# Gay Billerica Officer Angry With Two Selectmen



## Inspector (Nov 13, 2006)

BILLERICA -- Police Sgt. Jerry Roche said he was moved that a majority of the selectmen voted last night to support a proclamation recognizing Gay Pride Week, but angry that Selectmen Marc Lombardo and Mike Rosa did not attend the meeting and are refusing to sign the proclamation. 
"I have been on this department for 22 years, decorated by the governor, twice by the selectmen, and received several commendations from the chief," he said after the meeting. "I have served this community and I deserve respect as a person. Am I any less of a person because I am gay? It angers me to no end that I do not get the respect they would give anyone else." 
The short meeting was scheduled by Chairman Jim O'Donnell late last week after receiving a request for a proclamation from Town Meeting representative Jim Casarjian-Perry, who is organizing this week's Gay Pride events in Billerica, which included a rainbow flag-raising Sunday, a memorial service for victims of hate crimes last night and an Interfaith Service tomorrow morning at the First Parish Church. 
Reached earlier this week, Lombardo said he could not attend the meeting due to a family birthday party and would not support the proclamation. 
"As a conservative Catholic, I do have a problem supporting the proclamation," he wrote in an e-mail. 
Rosa also had a previous commitment and said he would not sign the proclamation. 
"I will not be there to vote for it," he said. "I am not going to sign it. I have my reasons."
LOWELL SUN

Jerry Roche ... "I deserve respect


----------



## rg1283 (Sep 14, 2005)

Too touchy of a subject to comment on. But keep politics out of it.


----------



## Guest (Jun 14, 2008)

> BILLERICA -- *Police Sgt. Jerry Roche said he was moved that a majority of the selectmen voted last night to support a proclamation recognizing Gay Pride Week,* but angry that Selectmen Marc Lombardo and Mike Rosa did not attend the meeting and are refusing to sign the proclamation.

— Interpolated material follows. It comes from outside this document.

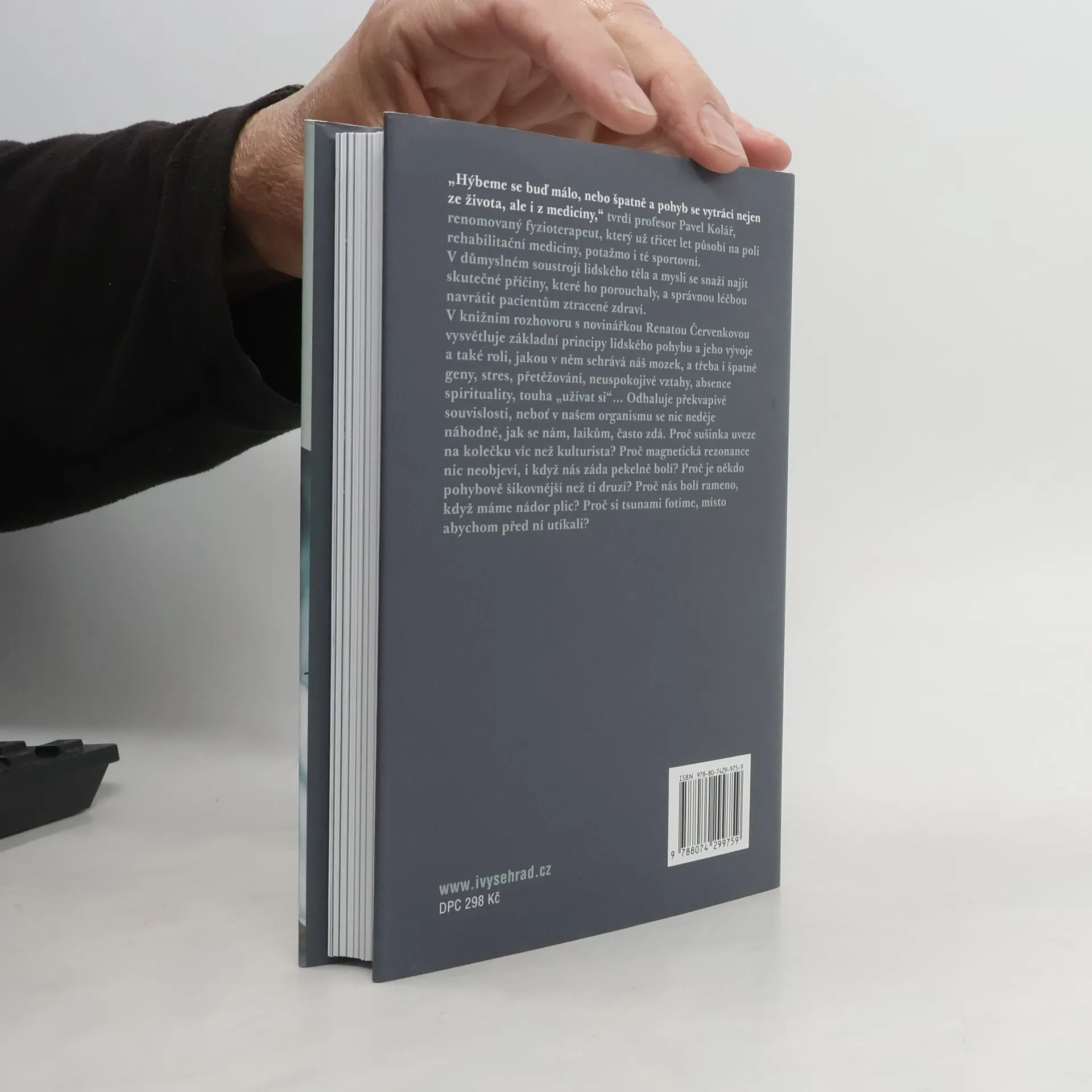 Knižní rozhovor s renomovaným fyzioterapeutem prof. Kolářem. „Hýbeme se buď málo, nebo špatně a pohyb se vytrácí nejen ze života, ale i z medicíny,“ tvrdí profesor Pavel Kolář, renomovaný fyzioterapeut, který už třicet let působí na poli rehabilitační medicíny, potažmo i té sportovní. V důmyslném soustrojí lidského těla a mysli se snaží najít skutečné příčiny, které ho porouchaly, a správnou léčbou navrátit pacientům ztracené zdraví. V rozhovorech s novinářkou Renátou Červenkovou vysvětluje základní principy lidského pohybu a jeho vývoje a také roli, jakou v něm sehrává náš mozek a třeba i špatné geny, stres, přetěžování, neuspokojivé vztahy, absence spirituality, touha „užívat si“... Odhaluje překvapivé souvislosti, neboť v našem organismu se nic neděje náhodně, jak se nám, laikům, často zdá. Proč nás bolí rameno, když máme nádor plic? Proč sušinka uveze na kolečku víc než kulturista? Proč magnetická rezonance nic neobjeví, i když nás záda pekelně bolí? Proč je někdo pohybově šikovnější než ti druzí? Proč si tsunami fotíme, místo abychom před ní utíkali?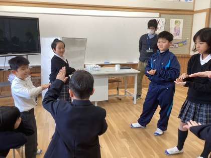 みんなで目には見えない「かえる」を手で優しくもって回していくゲームをしています。目には見えないかえるさんだから、友だちの名前をよんで言葉で伝えます。かえるさんは無事にみんなの手のひらを回ったのでしょうか…。

He should have taken the high road and left it at that. Being a decorated and long-standing officer, it would have reflected much better on him. If a majority voted, and it passed, how about enjoying your victory?


----------



## Guest (Jun 14, 2008)

A big "F-YOU" to Sergeant Roche, and I'd like to commend the selectmen who stood by their principles.

I don't care what the issue is......police officers of any rank should not use their position as a police officer to endorse or condemn *any* social issue unless it directly impacts their job performance, and even then they should (and in fact are legally required to) let their union do the speaking.

What would happen if a Billerica Police employee went public with their dissatisfaction of the Billerica selectmen not endorsing a proclamation endorsing "Heterosexual Pride Week"?

We all know the answer.

As Joe Pesci said in_ My Cousin Vinny;_

"It's okay....go ahead and say it. They know".


----------